Like any pioneer in an age of mass media, Sally Ride was asked a lot of dumb questions. She answered them, but not without some consternation.

Ride, who became the first American woman in space in 1983–cosmonaut Valentina Vladimirovna Tereshkova was the first overall twenty years earlier–and passed away in 2012, is the subject of today’s multi-scenario Google Doodle. The opening ofA Ride in Space,” a painfully titled People piece by Michael Ryan which profiled the astronaut as she prepared for her Challenger mission:

JOHNSON SPACE CENTER

This is the hero factory. In this network of squat gray bunkers set apart from downtown Houston by a freeway, a side road and two speed traps, the likes of Alan Shepard, Gus Grissom, John Glenn and Neil Armstrong were introduced to the world and transformed from men into legends. Today’s reusable space shuttle may be less exotic than the old space capsules; still, as NASA demonstrated on one steamy Texas afternoon a few weeks ago, it can still make an astronaut into a household name. Case in point: Sally Kristen Ride, mission specialist on this week’s scheduled flight of the shuttle Challenger and the first American woman in space.

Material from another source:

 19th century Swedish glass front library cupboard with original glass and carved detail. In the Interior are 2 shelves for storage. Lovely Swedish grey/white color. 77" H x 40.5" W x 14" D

“This mission has a lot of historic firsts,” NASA spokesman John Lawrence coyly announced as the session began. But the television crews and tourists had not convened to hear about Indonesia’s new communications satellite, or the radish seed experiment designed by two Cal Tech students and placed on the shuttle by the largesse of movie wizard Steven Spielberg. All eyes brushed past shuttle commander Robert Crippen, Capt. Rick Hauck and crew members John Fabian and Norm Thagard. Instead, they focused on Ride, 32, the living proof that the Brotherhood of the Right Stuff is now admitting sisters.

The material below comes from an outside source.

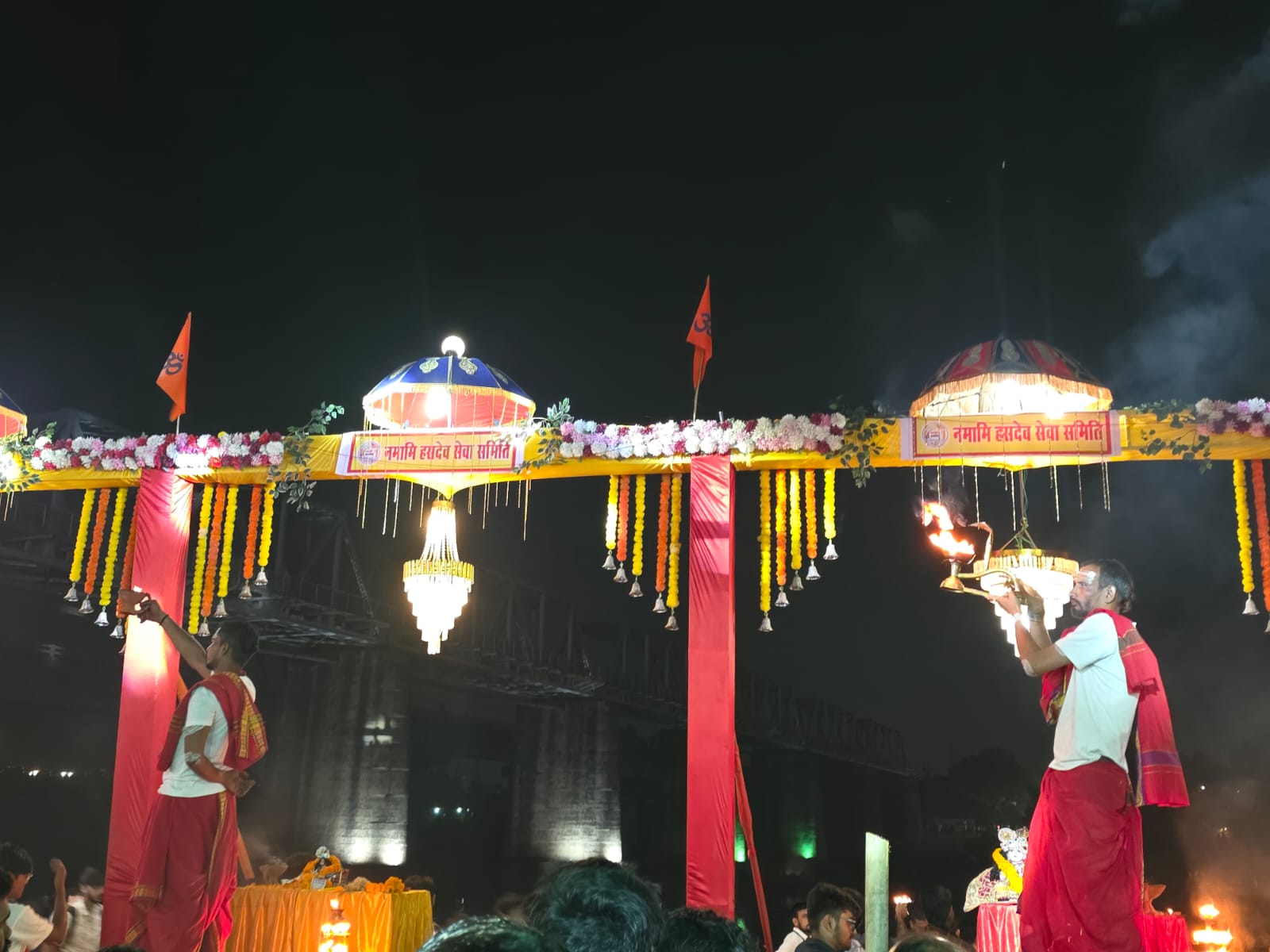 भगवान श्री लक्ष्मीनारायण का 108 लीटर दूध से दुग्धाभिषेक किया गया। इसके उपरांत आचार्य पं. रविशंकर मिश्रा, पं. मोहनधर दीवान, पं. भरत तिवारी एवं पं. भास्कर धर दीवान सहित 11 वैदिक पुरोहितों द्वारा एक समान वेशभूषा में वैदिक मंत्रोच्चारण के साथ भव्य हसदेव महाआरती प्रारंभ की गई, जिससे वातावरण प्रकाशित हो गया। तत्पश्चात् भव्य आतिशबाजी, डीजे साउंड और लाईट शो से वातावरण दिव्य प्रकाश से नहा उठा। श्री लक्ष्मीनारायण महायज्ञ एवं हसदेव महाआरती के आयोजन को कम समय में सफल बनाने के लिए नमामि हसदेव सेवा समिति के

No other astronaut was ever asked questions like these: Will the flight affect your reproductive organs? The answer, delivered with some asperity: “There’s no evidence of that.” Do you weep when things go wrong on the job? Retort: “How come nobody ever asks Rick those questions?” Will you become a mother? First an attempt at evasion, then a firm smile: “You notice I’m not answering.” In an hour of interrogation that is by turns intelligent, inane and almost insulting, Ride remains calm, unrattled and as laconic as the lean, tough fighter jockeys who surround her. “It may be too bad that our society isn’t further along and that this is such a big deal,” she reflects.

No American ever had more of the makings of an astronaut than Sally Ride. A California teenage tennis champion who flirted with turning pro, she started college at Swarthmore and transferred to Stanford. She earned two bachelor’s degrees: English, because Shakespeare intrigued her; physics, because lasers fascinated her. As she soars through the empyrean, television commentators will make her résumé familiar to the world: Ph.D., astrophysics, Stanford. Astronaut training, 1978. Capsule communicator—the crucially important link between Mission Control and spacecraft—for shuttles 2 and 3. She married astronaut Steve Hawley, 32, last July. She flew her own plane to the wedding at his parents’ home in Kansas.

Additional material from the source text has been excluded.